Не ракетами или снарядами, а пучком информации.
Обычно агенты СЭС, «призраки», как их называют, достигают цели с помощью лжи. Сегодня Виктор собирался воспользоваться правдой. Цель от этого не менялась. Как обычно, она состояла в разрушении опасной для Федерации социальной структуры, в данном случае Армии Освобождения Селлаха.
Первым на трибуну взобрался, как и ожидалось, товарищ Кади.
— Здравствуйте, товарищи! — сказал он, широко и искренне улыбаясь. — Я рад приветствовать наших гостей, заслуженных командиров, городских подпольщиков, сочувствующих нам посланцев космоса!
Последовал кивок в сторону сидящих группой необычно бледных людей с цепкими взглядами. За «посланцев космоса» их могли принять только наивные обитатели Селлаха, не видевшие ничего, кроме собственной планеты. На самом деле это были обыкновенные контрабандисты, торгующие на Земле арагвой, а обратно везущие оружие.
Товарищ Кади говорил искренне и открыто, много жестикулировал, и содержание его речи Виктор мог легко предсказать заранее — борьба за свободу тяжела, только сплотив ряды и отказавшись от мирских радостей, можно надеяться на победу...

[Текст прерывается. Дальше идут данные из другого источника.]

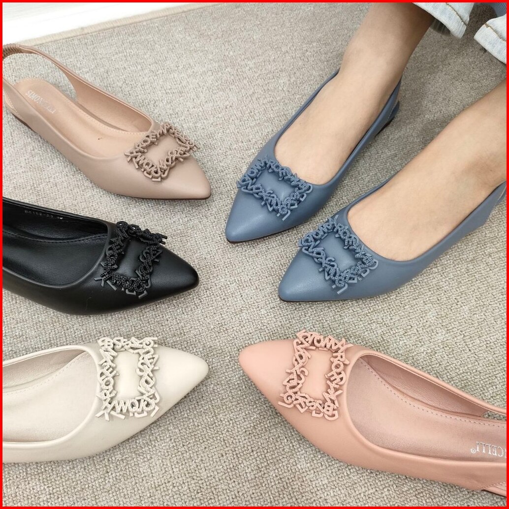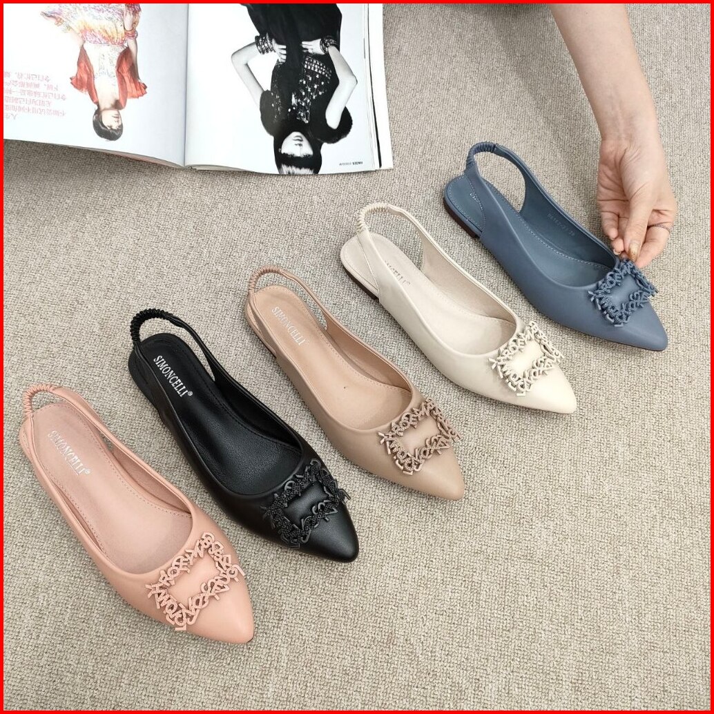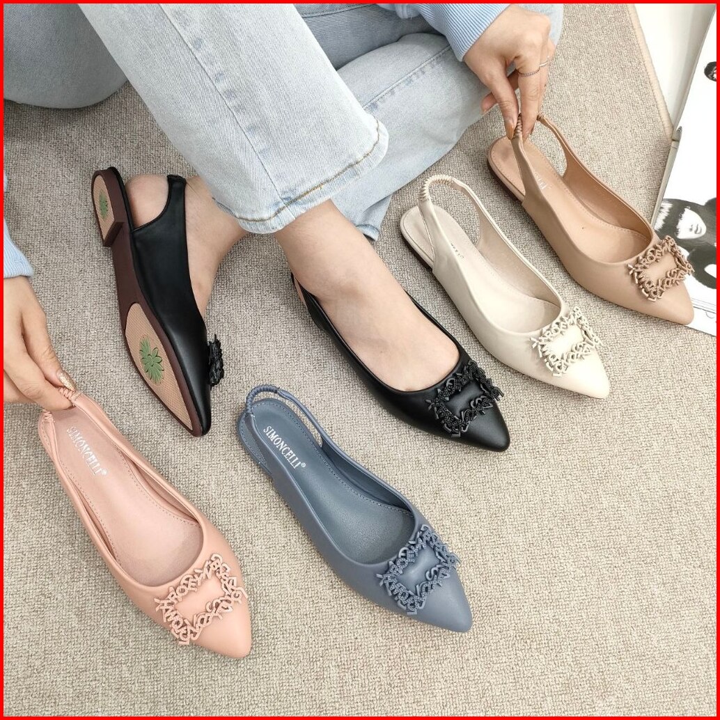Simoncelli Sandal Wanita Flat Tali Belakang Sandal Kerja Cewek Sandal Pesta Import B6162-23

Люди слушали затаив дыхание, словно перед ними был сам Моисей, только что вернувшийся с горы Синай.
— Правда с нами! — Завершение речи тоже оказалось традиционным. Почти ритуальный возглас и такой же жест, пронесенный бунтовщиками всех мастей сквозь столетия — вскинутая рука со сжатым кулаком.
— А теперь слово предоставляется товарищу Хабейби! — сказал товарищ Кади, когда ответные возгласы стихли. — Он сообщит о том, как идут дела в западных провинциях.
Рашид Хабейби, самый известный из командиров освободительных отрядов, оказался высок и смугл. Оратором он не был, его речь потонула в бесконечных «как бы», «так вот» и «затем». Но приветствовали его почти так же тепло, как и лидера Армии Освобождения.
— Теперь слово предоставляется товарищу Рахмонову, — сообщил товарищ Кади. — Он расскажет, как сражаются с оккупантами наши братья в столице планеты! Покажет сделанные смелыми людьми записи, запечатлевшие зверства полиции. Мы планируем передать их независимым средствам массовой информации за пределами Селлаха, чтобы люди доброй воли по всей федерации знали, что тут творится...
Крошечный, узкоглазый Рахмонов говорил так тихо, что даже вмонтированная в трибуну аудиосистема не помогала.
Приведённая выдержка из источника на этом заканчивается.